Выбрать главу

Leilwin, Merrilor Meydanı olarak bilinen mekâna dağılmış kampları inceledi. Karanlıkta, ayın doğmasına bir süre daha varken, yemek pişirmek için yakılmış ateşlerin geceleyin kalabalık bir limandaki gemi fenerleri olduğunu hayal edebiliyordu neredeyse.

Bu, muhtemelen bir daha göremeyeceği bir manzaraydı. Leilwin Gemisiz bir kaptan değildi; bir daha asla kaptan olamayacaktı. Aksini dilemek, şimdi olduğu şeyin doğasına meydan okumak olurdu.

Bayle elini onun omzuna koydu. Uzun günler boyunca çalışmaktan kabalaşmış, kalın parmaklar. Leilwin uzandı ve elini onunkinin üzerine koydu. Tar Valon’da açtıkları o kapıyolların birinden geçmek kolay olmuştu. Bayle şehri tanıyordu, ama orada olmaktan şikayetçiydi de. “Burası kollarımdaki tüyleri diken diken ediyor,” demişti. Bir de: “Bu sokaklarda bir daha yürümemeyi dilemiştim. Dilemiştim bunu.”

Yine de onunla gelmişti. İyi bir adamdı Bayle Domon. Geçmişteki tatsız ticaret alışkanlıklarına rağmen, bu yabancı topraklarda bulabildiği en iyi adam. Bayle bütün bunları geride bırakmıştı. İşlerini yürütmenin doğru yolunu anlamasa da, elinden geleni yapıyordu.

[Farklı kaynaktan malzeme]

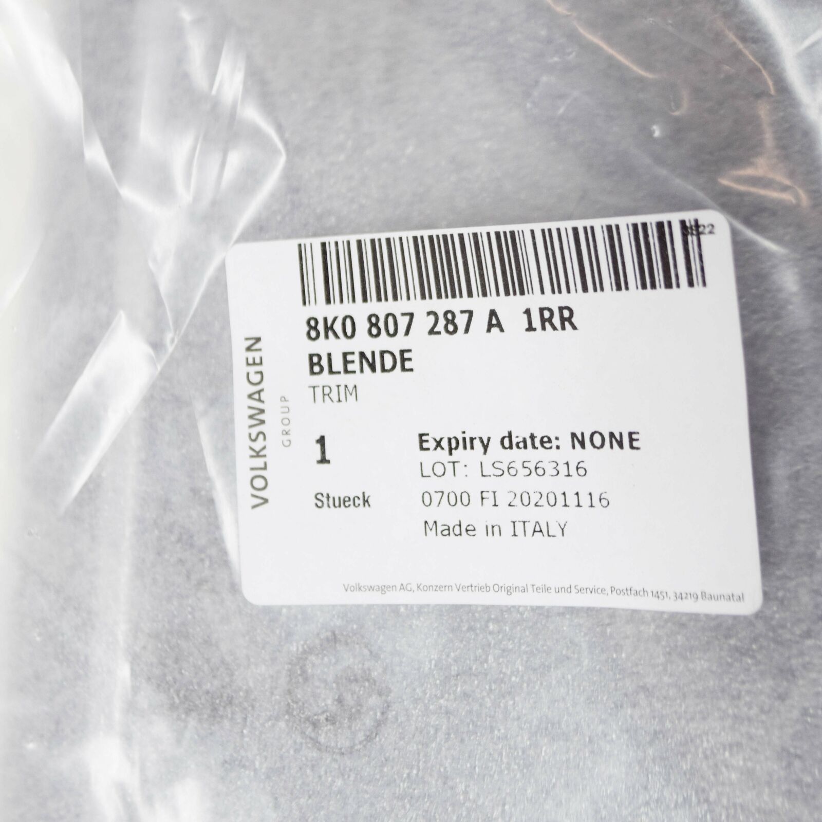 VW/AUDI trim for licence plate – 8K0807287A1RR | 8K0807287A1RR | 8K0-807-287-A-1RR | |

“Bu görülecek manzara,” dedi Bayle, sessiz ışık denizinde göz gezdirerek. “Şimdi ne yapmak istiyorsun?”

“Nynaeve al’Meara ya da Elayne Trakand’ı bulacağız.”

Bayle sakallı çenesini kaşıdı; Illian tarzında, üst dudağını tıraşlıyordu. Kafasındaki saçlar farklı farklı boyutlardaydı; Leilwin onu azat ettikten sonra, başının bir kısmını tıraş etmeyi bırakmıştı. Leilwin bunu evlenebilmeleri için yapmıştı elbette.

Bu iyiydi; tıraşlı bir kafa burada dikkat çekerdi. Bazı… meseleler çözüldükten sonra, so’jhin olarak oldukça başarı göstermişti. Ama sonunda, Leilwin’in Bayle Domon’un so’jhin olmaya uygun olmadığını itiraf etmesi gerekmişti. Fazla yontulmamıştı ve hiçbir dalga o keskin kenarlan yumuşatamazdı. Asla sesli olarak söylemeyecek olsa da, Leilwin onu bu şekilde istiyordu.

“Geç oldu Leilwin,” dedi Bayle. “Belki de sabaha kadar beklememiz lazım.”

Hayır. Kamplarda bir sessizlik vardı, orası doğruydu, ama tam olarak uyku sessizliği değildi bu. Doğru rüzgarları bekleyen gemilerin sessizliğiydi.

Leilwin burada neler olup bittiğini bilmiyordu – aksanından Seanchan olduğu anlaşılmasın diye, ağzını açıp soru sormaya cesaret edememişti. Böyle bir kalabalık, uzun uzadıya plan yapmadan olmazdı. Kampın genişliği onu şaşırtmıştı; buradaki toplantı, Aes Sedailerin büyük çoğunluğunun katılmaya geldiği toplantı kulağına gelmişti. Bu tüm beklentilerini aşıyordu.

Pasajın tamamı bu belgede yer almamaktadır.